São cochilos do mestre. Mas qualquer pessoa gorda que quer emagrecer (caso meu e também do Aurélio, que já o vi a derreter untos numa sauna em Itatiaia, embora ele também ainda não haja acolhido a palavra sauna), qualquer pessoa como nós, que faz regime ou pelo menos lê livro que ensina a fazer regime, sabe que se diz catabólico o alimento que consome mais calorias para ser digerido do que as que fornece ao organismo: alface, abacaxi, etc. Enfim: comida que emagrece, embora alimente.

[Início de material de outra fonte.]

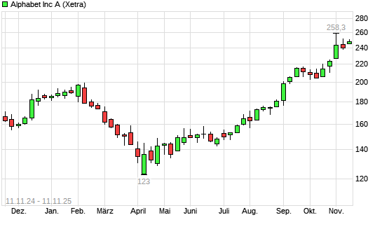 Mit dem Anstieg auf 250,90 EUR hat die Alphabet A (ex GOOGLE)-Aktie (ISIN US02079K3059) am 10.11.2025 ein neues All-Time-High erreicht und damit den Kurs vom 29.10.2025 eingestellt.Die Alphabet ...weiterlesen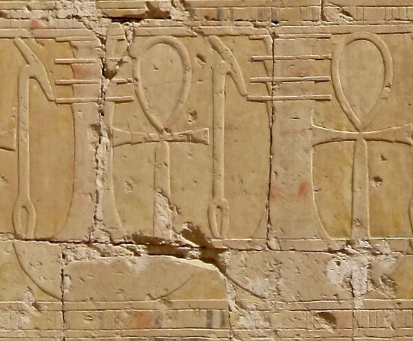Значение этого знака и его формы давно вызывает споры среди египтологов и других исследователей. Это даёт почву для возникновения множества теорий. На данный момент существует также большое количество паранаучных, вольных и необоснованных исследованиями трактовок.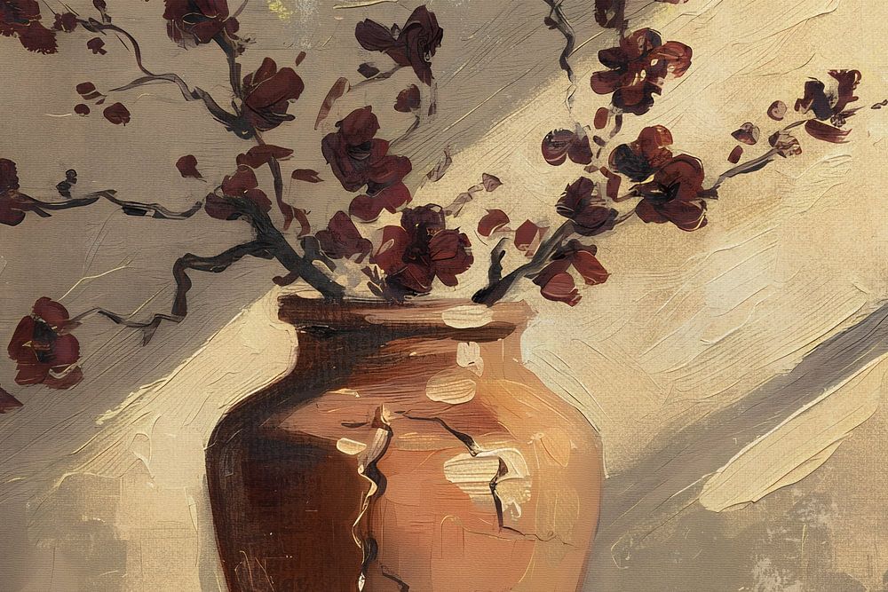 A painting of a terracotta vase containing branches with reddish-brown flowers. A golden yellow beige background. Warm artwork with lots of texture and rich details.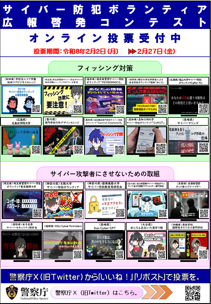 全国のサイバー防犯ボランティアが作成した広報啓発動画(フィッシング対策/サイバー攻撃者にさせないための取組)のうち、予備審査を通過したそれぞれ10作品を警察庁X(旧Twitter)にて掲載しており、現在、オンライン投票を受付中です。 (「いいね」「リポスト」で投票できます。 )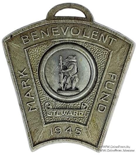 АВЕРС: в форме замкового камня, на котором в центре, в двойном круге изображение символа графства Уорикшир (Warwickshire). Ниже изображения надпись Steward. По периметру замкового камня наименование благотворительного фонда и дата 1945.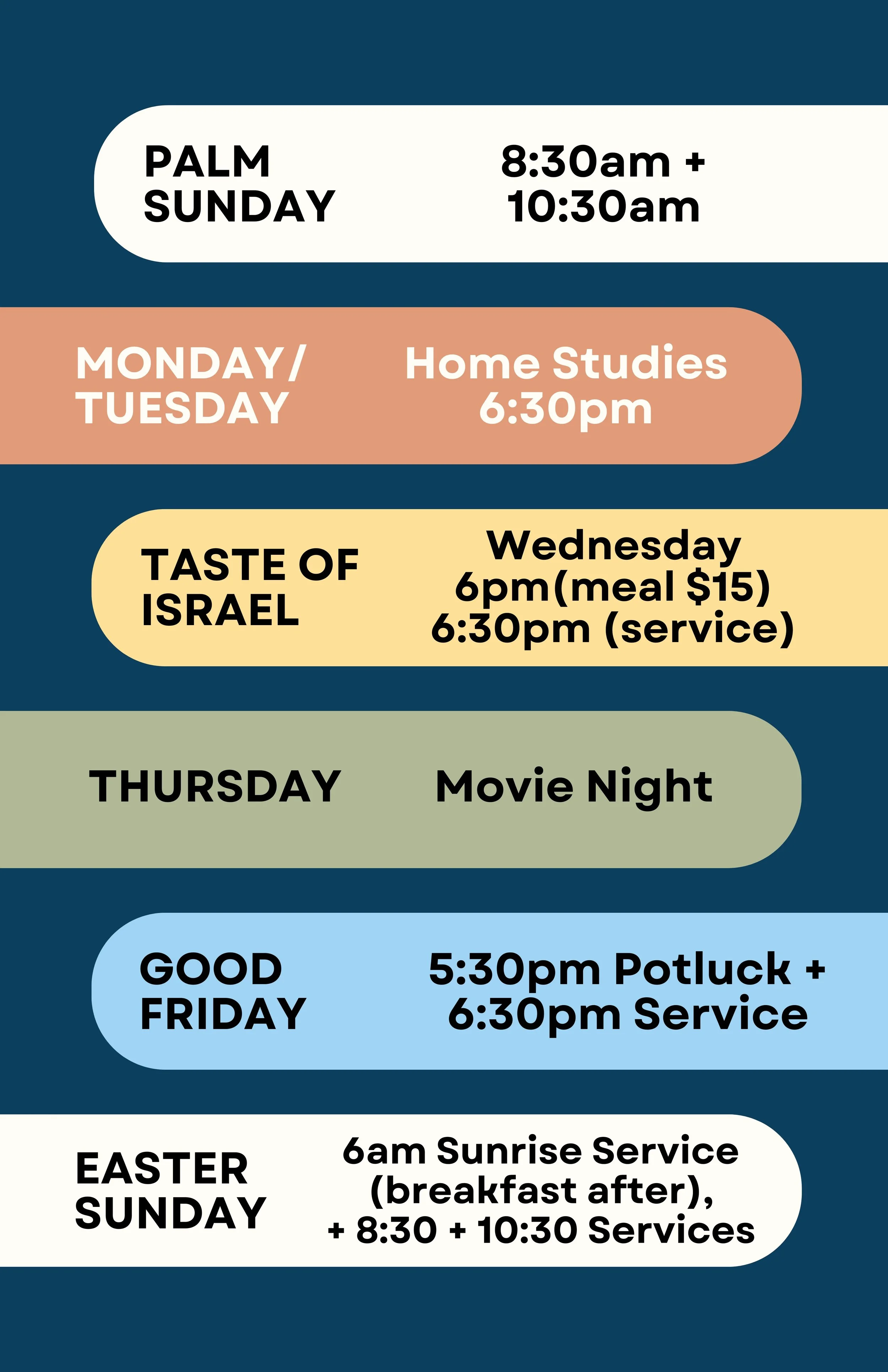 Each day we focus on what happened on that day 2,000 years ago. We either have a service at church, or gather together in local homes. Come join us and celebrate all that our Lord has done for us!

Um médico meu amigo aconselha para o verão não apenas mantimentos mas também literatura catabólica. Evitar grandes versos de Schmidt ou odes de Vinicius, consumir poemas magros de João Cabral ou Carlos Drummond de Andrade. Tirar da parede quadros de Di Cavalcanti, reproduções de Rubens ou Renoir: engordam horrorosamente. Não ouvir bossa-nova: tem muito açúcar, é melhor traçar saladas de cool jazz em estado natural.
Cuidado com as mulheres. As meigas e rechonchudinhas devem ser eliminadas; use-as magras e amargas, mas não em excesso para não suscitar úlcera no estômago. O melhor é o tipo da magra esquiva, com sabor de carne de peixe.
O ideal mesmo, aliás, é não sair muito com mulheres. Compre uma bicicleta e saia com a mesma, eis um fino conselho.
Esculturas de Bruno Giorgi são mais recomendáveis que as de Alfredo Ceschiatti. Pintor francês atual, o mais catabólico é mesmo Buffet. Ouvir acordeão engorda tanto como romance de José de Alencar e Jorge Amado; leiam Machado de Assis e Graciliano Ramos, os catabólicos da prosa brasileira.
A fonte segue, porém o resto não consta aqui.